As the Supreme Court prepares major decisions this June, debate has flared over proposals to change the Court’s size and rules. This piece argues from a conservative perspective that packing the Court or reshaping its structure for short-term political gain would wreck judicial independence, invite retaliation, and hollow out constitutional protections. It lays out why elected officials should use the legislative process instead of altering the judiciary, and why turning the Court into a political tool would damage civil liberties for everyone.
Every time the Court hands down a ruling that frustrates the political left, calls for “court reform” heat up. Those calls have shifted from a common complaint to an open embrace of expanding the Court as a way to secure policy wins. That turn matters because it signals an appetite to treat the judiciary like just another seat at the partisan bargaining table.
Some of the loudest demands come from high-ranking Democrats who say there should be no sacred cows when the Court disagrees with them. “The Supreme Court is a disgrace. In the new Congress, we’re going to have to do something about this Supreme Court and let me be very clear: Everything is on the table — everything — to deal with this corrupt MAGA majority.” That kind of rhetoric makes it clear they are talking about weaponizing institutional change to erase judicial outcomes they dislike.
Other progressive figures have been equally blunt: “Term limits for the Supreme Court. Enforce a binding Code of Ethics. Impeach these corrupt justices. Expand the Court.” When leaders lay out a menu of remedies that includes packing the Court, it stops being a debate about transparency or accountability and starts to look like political retaliation.

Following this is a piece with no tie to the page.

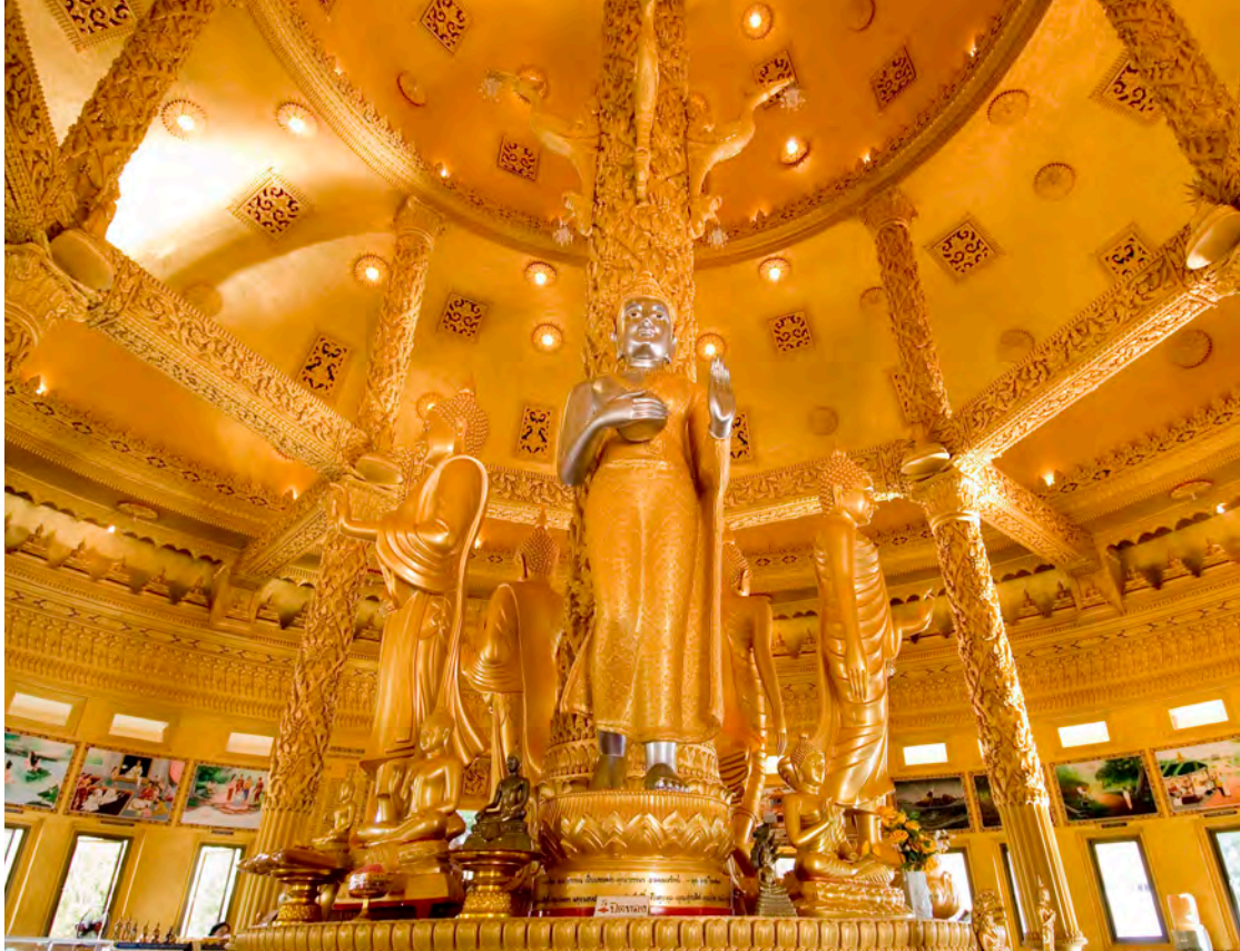
วัดพระธาตุวาโย

ของพื้นที่ป่าผืนใหญ่รอยต่อ ๕ จังหวัด คือ ฉะเชิงเทรา ชลบุรี ระยอง จันทบุรี และสระแก้ว เป็นป่าลุ่มต่ำที่ไม่ผลัดใบที่อยู่ใกล้กรุงเทพมหานครมากที่สุด ป่าดงดิบส่วนใหญ่เป็นป่าดงดิบแล้ง มีเพียงเล็กน้อยที่เป็นป่าดงดิบชื้น ป่าเบญจพรรณ ป่าเต็งรังและทุ่งหญ้า เป็นผืนป่าอุดมสมบูรณ์ผืนสุดท้ายของภาคตะวันออก มีความหลากหลายทางชีวภาพอย่างมาก เป็นแหล่งต้นน้ำลำธารของแม่น้ำบางปะกงทางด้านจังหวัดฉะเชิงเทรา คลองตะโหนดจังหวัดจันทบุรี และแม่น้ำประแสร์ในจังหวัดระยอง สภาพภูมิประเทศทั่วไปมีความลาดชันไม่มากนัก มีความสูงจากระดับน้ำทะเลปานกลางประมาณ ๓๐-๘๐๒ เมตร ยอดเขาสูงสุดอยู่ทางทิศตะวันออกเฉียงใต้ของเขตรักษาพันธุ์ฯ คือ เขาสิบห้าชั้น มีความสูงจากระดับน้ำทะเลปานกลาง ๘๐๒ เมตร

There is also a strain of messaging that frames the Court as illegitimate because it does not deliver a particular policy. “Congress must immediately … take action to restore the integrity and legitimacy of this far-right majority Supreme Court—including expanding the Court, imposing term limits on Supreme Court justices, and passing a binding Supreme Court code of ethics. Every option should be on the table.” Presented like that, institutional change becomes a tool of policy enforcement rather than a careful adjustment to protect the system.
Congress has the power to legislate, and when lawmakers disagree with a judicial ruling the constitutional response is to pass laws that address the issue. Changing the number of justices to tilt the balance abandons that constitutional framework. It replaces reasoned lawmaking with the blunt instrument of packing the bench to achieve an immediate political result.
Packing the Court would also destroy faith in judicial impartiality. If one party expands the Court when it loses, the loser will expand it back when it wins. The result is an escalating cycle where the judiciary becomes an arm of whoever controls Congress and the White House. That outcome would make judicial decisions subject to the ebb and flow of partisan advantage rather than consistent legal principles.
The risk to civil rights is real. Courts protect rights that are not always popular, and their role is to apply the Constitution even when the politics are tough. Turn the judiciary into a political instrument and rights will be safe only as long as the current majority wants them to be. In that world, protections become fragile and contingent.
Leaders on the Republican side have warned against this path, arguing that the legitimacy of the Court must be preserved. Altering the Court for short-term gain is not a correction; it is a structural change that undercuts the separation of powers. If you care about stable, predictable rights and a truly independent judiciary, the answer is not to remake the Court every time politics shifts.
Reasonable people will disagree with Court decisions. That is part of the constitutional bargain. But changing the Court to secure preferred outcomes is a step toward a purely political judiciary and away from an institution meant to check power. The better path is to fight in the political arena, pass laws, and protect judicial independence so the Court can do its job without becoming another arena for partisan score settling.